*** Begin section ***

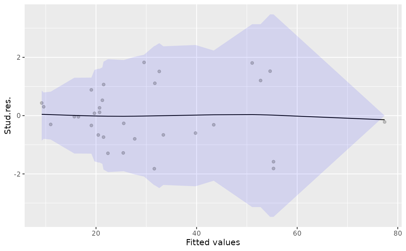 The dashed line shows the smoothed mean of the standardized residuals and should generally follow the horizontal line through (0,0).
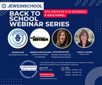 For Students, Parents & Teachers in private and independent schools. Founders of Undercover Mother, Buckets Over Bullying and Parents Unite will address issues of antisemitism and share their insights on policies and practices and give recommendations.
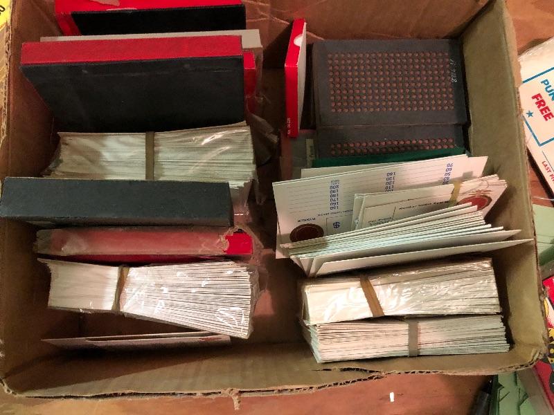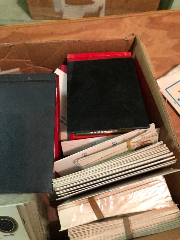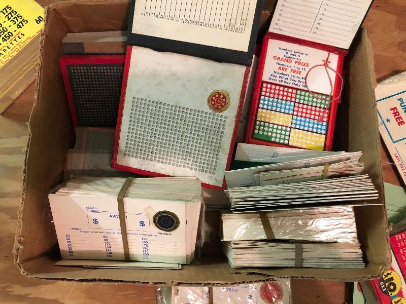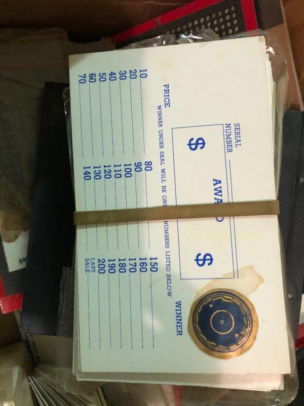 Mixed box of boards and display signage, award cards: Vintage used condition
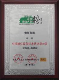 供應(yīng)商50強(qiáng)(第15名)”和“2009-2010中國通信產(chǎn)業(yè)用戶滿意企業(yè)(第1名)”兩大獎(jiǎng)項(xiàng)。這已經(jīng)是俊知集團(tuán)第三次入圍“通信設(shè)備
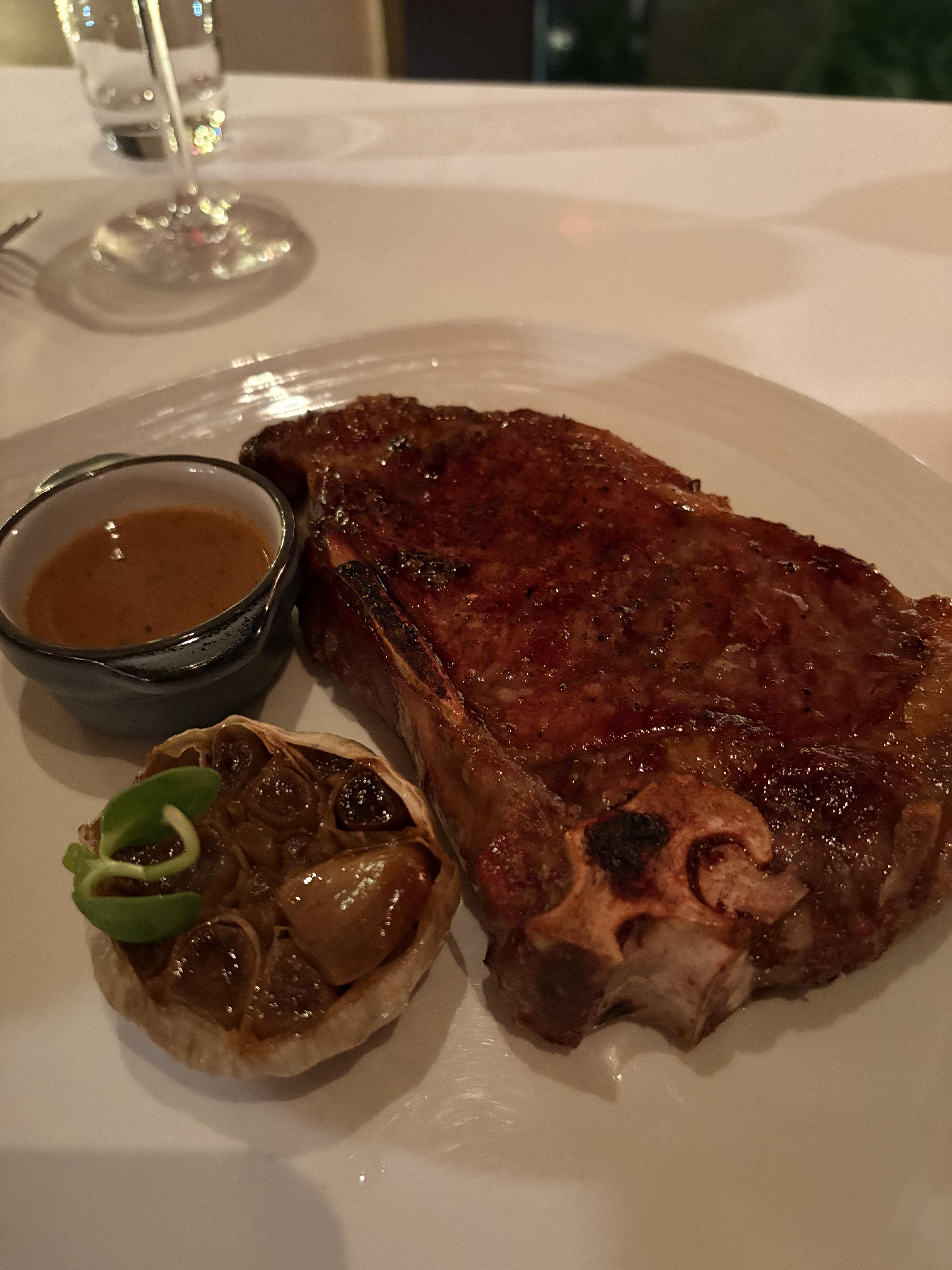다음으로 나왔던 스테이크입니다. 뉴욕 스트립 본 인 이라는 스테이크 였는데요. 스테이크는 맛이 없을 수가 없기 때문에 맛있게 먹었던 것 같습니다. 함께 나왔던 잔 와인도 곁들였는데 잘 어울렸던 것 같습니다.
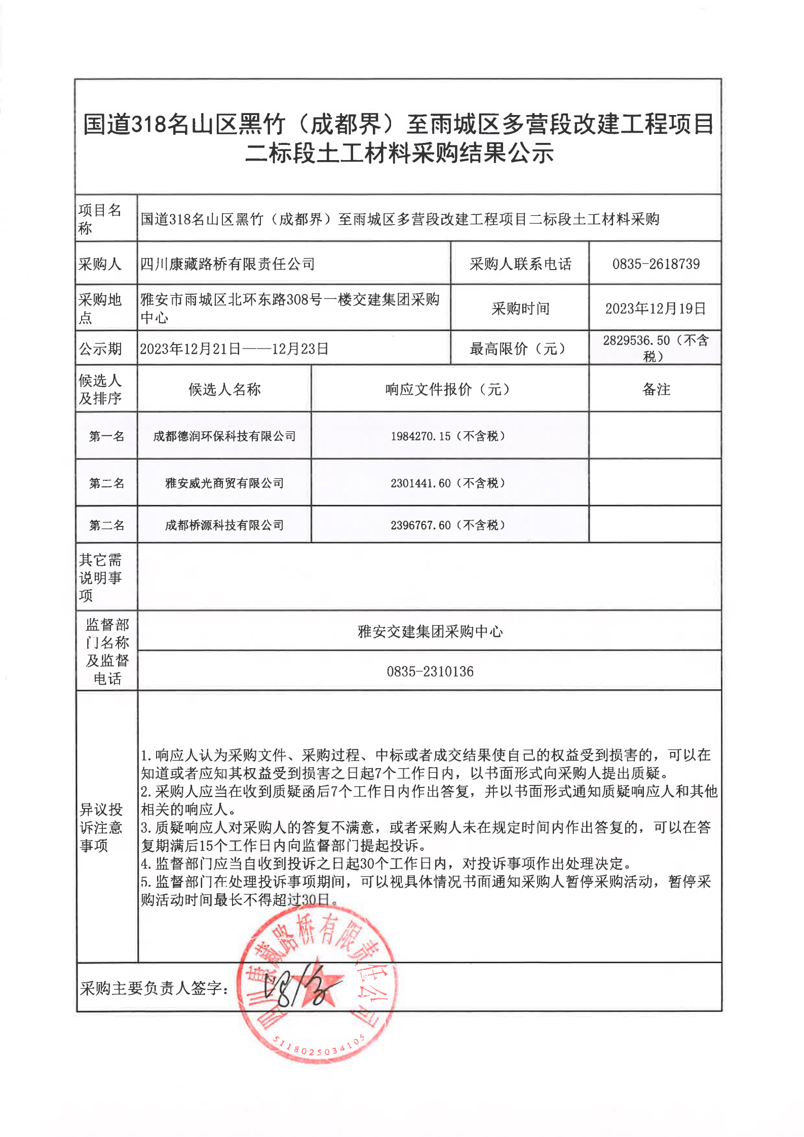 四川康藏路橋有限責(zé)任公司國道318名山區(qū)黑竹(成都界)至雨城區(qū)多營段改建工程項目二標(biāo)段土工材料采購結(jié)果公示
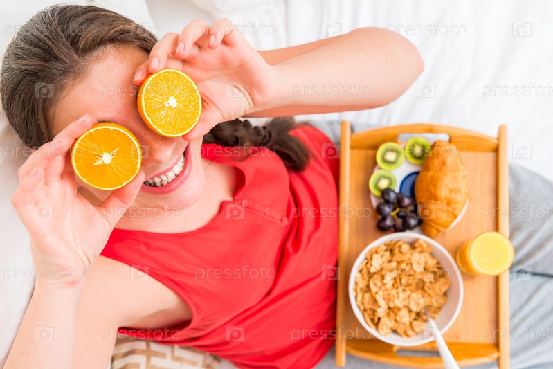 Девушка завтракает
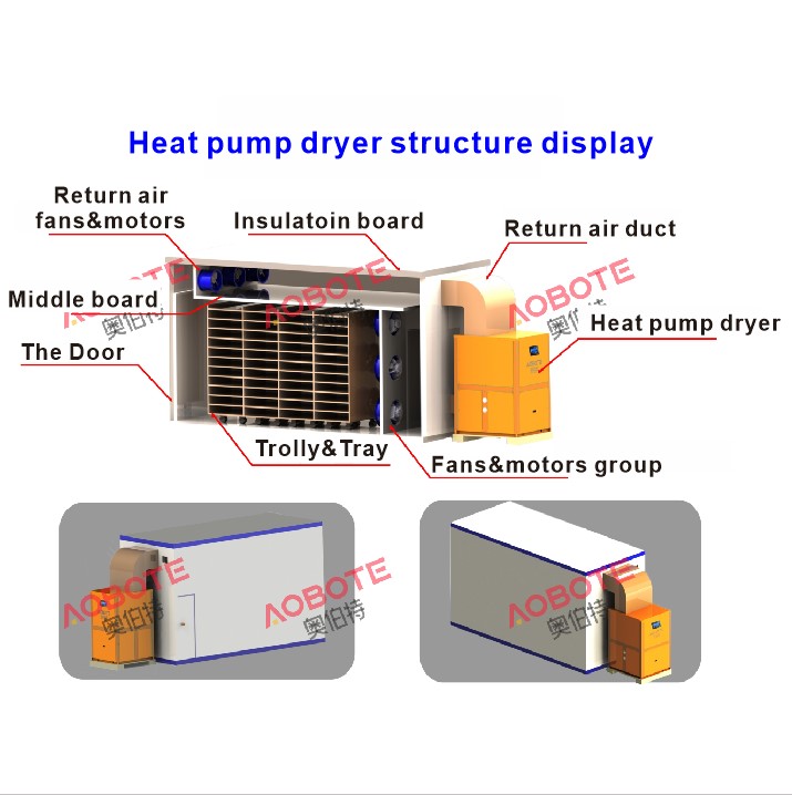 熱泵烘干機(jī)設(shè)備配套是指,我們的熱泵烘干機(jī)設(shè)備與熱泵烘干機(jī)設(shè)備的烤房,他們進(jìn)行結(jié)合起來(lái),熱泵烘干機(jī)只是我們的一個(gè)熱源,想要進(jìn)行烘干,還需要配置我們的一個(gè)烘干烤房,才能進(jìn)行烘干,烤房?jī)?nèi)部再配置相應(yīng)的一個(gè)推出進(jìn)行存放我們的烘干物料。
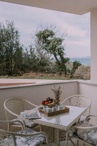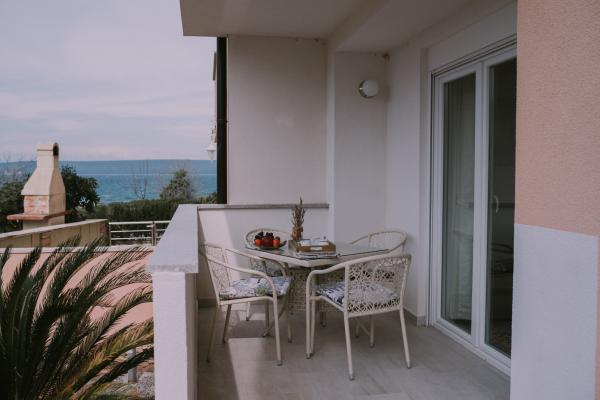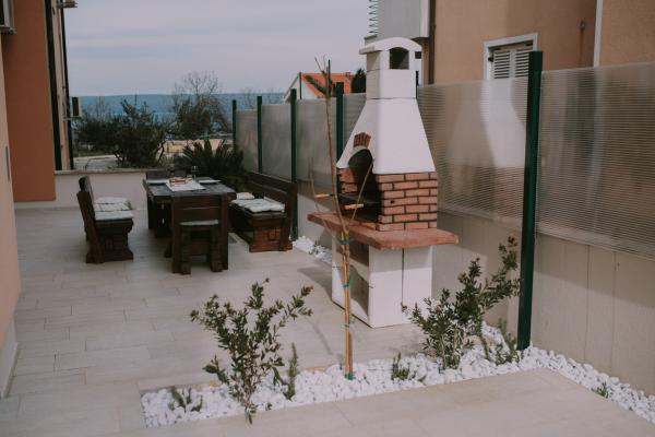 Új, modern berendezésű lakás, perc sétára a strandtól, földszinti erkéllyel és nagy terasszal, kilátással. Ideális fiatalabb gyermekek és családok számára, akik békét és csendet keresnek cigánygömbökkel és hullámok összegével!

*** End section ***

- **TASK BRIEF**
In the copy, include every line of the entries above exactly and none of the pictures.

- **TASK SOLUTION**
 The dashed line shows the smoothed mean of the standardized residuals and should generally follow the horizontal line through (0,0).
 For Students, Parents & Teachers in private and independent schools. Founders of Undercover Mother, Buckets Over Bullying and Parents Unite will address issues of antisemitism and share their insights on policies and practices and give recommendations.
 Mixed box of boards and display signage, award cards: Vintage used condition
 供應(yīng)商50強(qiáng)(第15名)”和“2009-2010中國通信產(chǎn)業(yè)用戶滿意企業(yè)(第1名)”兩大獎(jiǎng)項(xiàng)。這已經(jīng)是俊知集團(tuán)第三次入圍“通信設(shè)備
다음으로 나왔던 스테이크입니다. 뉴욕 스트립 본 인 이라는 스테이크 였는데요. 스테이크는 맛이 없을 수가 없기 때문에 맛있게 먹었던 것 같습니다. 함께 나왔던 잔 와인도 곁들였는데 잘 어울렸던 것 같습니다.
 四川康藏路橋有限責(zé)任公司國道318名山區(qū)黑竹(成都界)至雨城區(qū)多營段改建工程項目二標(biāo)段土工材料采購結(jié)果公示
 Девушка завтракает
 熱泵烘干機(jī)設(shè)備配套是指,我們的熱泵烘干機(jī)設(shè)備與熱泵烘干機(jī)設(shè)備的烤房,他們進(jìn)行結(jié)合起來(lái),熱泵烘干機(jī)只是我們的一個(gè)熱源,想要進(jìn)行烘干,還需要配置我們的一個(gè)烘干烤房,才能進(jìn)行烘干,烤房?jī)?nèi)部再配置相應(yīng)的一個(gè)推出進(jìn)行存放我們的烘干物料。
 Új, modern berendezésű lakás, perc sétára a strandtól, földszinti erkéllyel és nagy terasszal, kilátással. Ideális fiatalabb gyermekek és családok számára, akik békét és csendet keresnek cigánygömbökkel és hullámok összegével!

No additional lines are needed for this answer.